❷ The isReady method lets us know whether the page is ready in the browser so we can start manipulating it. This is important, as some pages take more time than others to load.

❸ The Owners page is considered ready when the list of owners is loaded. We find the table with owners by its ID. We wait up to three seconds for that to happen.

❹ Creates a list to hold all the owners. For that, we create an OwnerInfo class.

❺ Gets the HTML table and all its rows. The table’s ID is owners, which makes it easy to find.

❻ For each row in the table …

❼ … gets the HTML row

❽ Gets the value of each HTML cell. The first column contains the name, the second the address, and so on.

❾ Once all the information is collected from the HTML, we build an OwnerInfo class.

❿ Returns a list of OwnerInfos. This object knows nothing about the HTML page.

Let’s walk through this code:

Our class is a PO, so it extends from PetClinicPageObject, which forces the class to have a constructor that receives a WebDriver. We still have not seen the PetClinicPageObject code, but we will soon.
The isReady() method (which you can see by the @Override annotation is also defined in the base class) knows when this page is loaded. How do we do this? The simplest way is to wait a few seconds for a specific element to appear on the page. In this case, we wait for the element with ID “owners” (the table with all the owners) to be on the page. We tell WebDriverWait to wait up to three seconds for the owners element to be visible. If the element is not there after three seconds, the method throws an exception. Why three seconds? That was a guess; in practice, you have to find the number that best fits your test.
We return to our main action: the all() method. The objective is to extract the names of all the owners. Because this is an HTML table, we know that each row is in a tr element. The table has a header, which we want to ignore. So, we locate #owners > tbody > tr or, in other words, all trs inside tbody that are inside the owners element. We do this using nested findElement() and findElements() calls. Note the difference between the two methods: one returns a single element, the other multiple elements (useful in this case, as we know there are many trs to be returned).
With the list of rows ready, we iterate over each element. We know that trs are composed of tds. We find all tds inside the current tr and extract the text inside each td, one by one. We know the first cell contains the name, the second cell contains the address, and so on. We then build an object to hold this information: the OwnerInfo class. This is a simple class with getters only. We also trim() the string to get rid of any whitespaces in the HTML.
We return the list of owners in the table.

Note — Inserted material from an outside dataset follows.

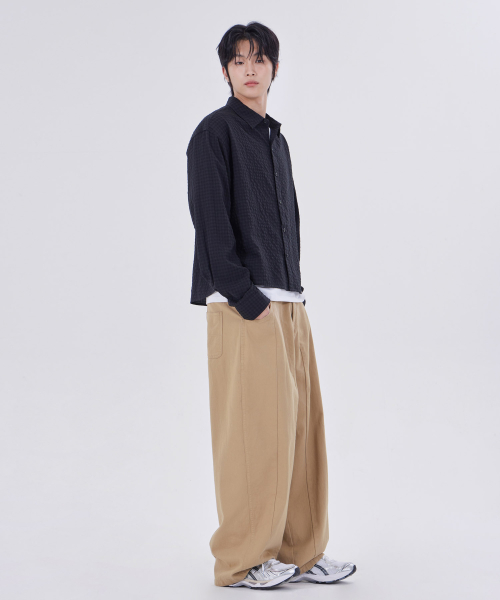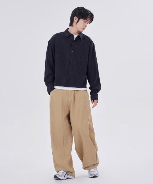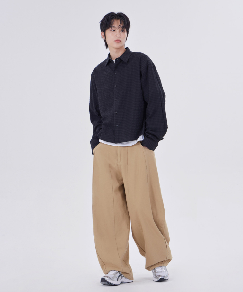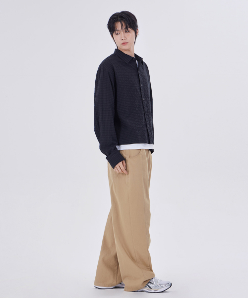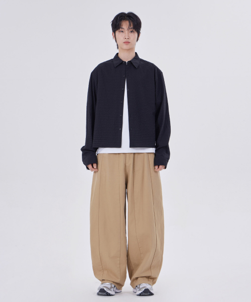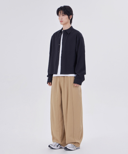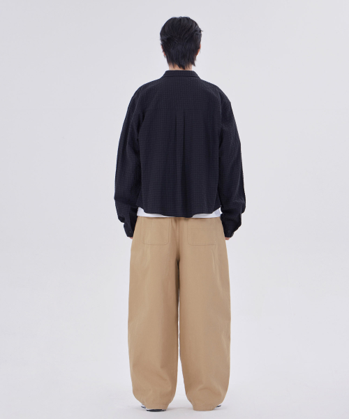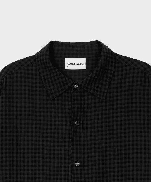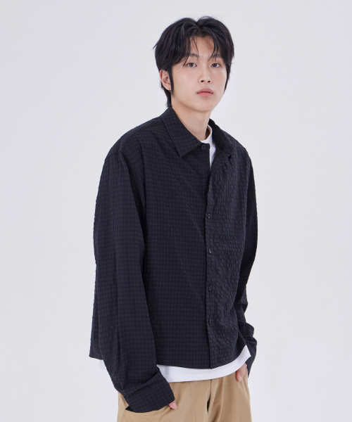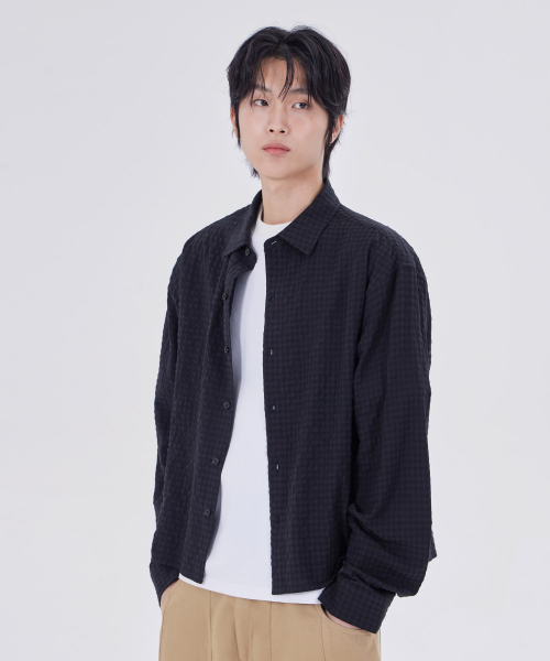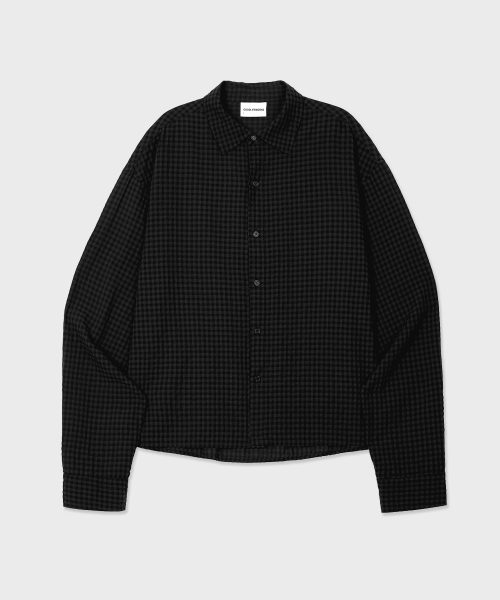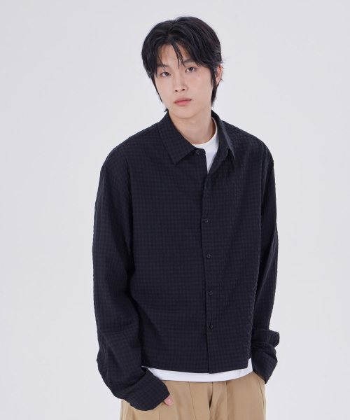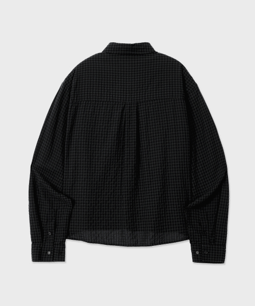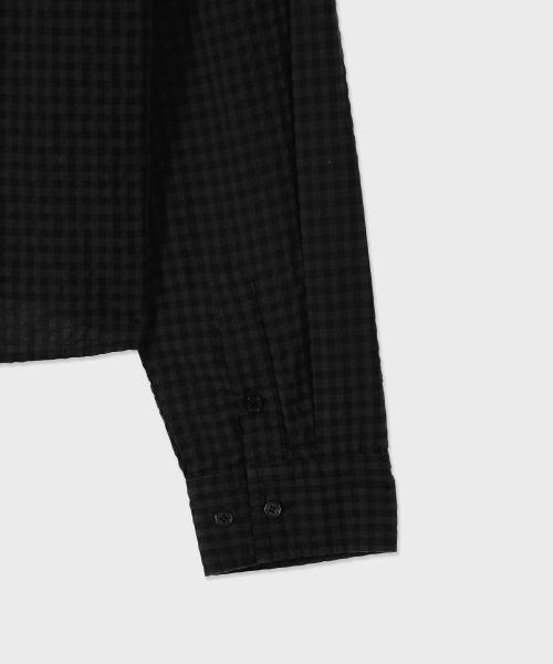 데일리 시어서커 체크 크롭 셔츠 블랙

Now, searching for an owner with their surname takes us to the next page, where we can extract the list of owners. Figure 9.7 illustrates the two POs we have implemented so far and which pages of the web application they model.

Figure 9.7 An illustration of web pages and their respective POs

We are only missing two things. First and foremost, to search for an owner, the owner must be in the application. How do we add a new owner? We use the Add Owner page. So, we need to model one more PO. Second we need a way to visit these pages for the first time.

NOTE Much more work is required to write a test for a single journey than we are used to when doing unit tests. System tests are naturally more expensive to create. But I also want you to recognize that adding a new test becomes easier once you have an initial structure with POs. The high cost comes now, when building this initial infrastructure.

Let’s start with adding an owner. The next listing shows the AddOwnerPage PO.

Listing 9.27 .AddOwnerPage page object

public class AddOwnerPage extends PetClinicPageObject {
  public AddOwnerPage(WebDriver driver) {                  ❶
    super(driver);
  }
 
  @Override
  public void isReady() {
    WebDriverWait wait = new WebDriverWait (driver, Duration.ofSeconds(3));
    wait.until(
      ExpectedConditions.visibilityOfElementLocated(
      By.id("add-owner-form")));                           ❷
  }
 
  public OwnerInformationPage add(AddOwnerInfo ownerToBeAdded) {
    driver.findElement(By.id("firstName"))
      .sendKeys(ownerToBeAdded.getFirstName());            ❸
    driver.findElement(By.id("lastName"))
      .sendKeys(ownerToBeAdded.getLastName());
    driver.findElement(By.id("address"))
      .sendKeys(ownerToBeAdded.getAddress());
    driver.findElement(By.id("city"))
      .sendKeys(ownerToBeAdded.getCity());
    driver.findElement(By.id("telephone"))
      .sendKeys(ownerToBeAdded.getTelephone());
    driver.findElement(By.id("add-owner-form"))
        .findElement(By.tagName("button"))
        .click();                                          ❹
 
    OwnerInformationPage ownerInformationPage =
      new OwnerInformationPage(driver);                    ❺
    ownerInformationPage.isReady();
    return ownerInformationPage;
  }
}

❶ Again, the PO receives the WebDriver.

❷ The HTML page is ready when the form appears on the screen.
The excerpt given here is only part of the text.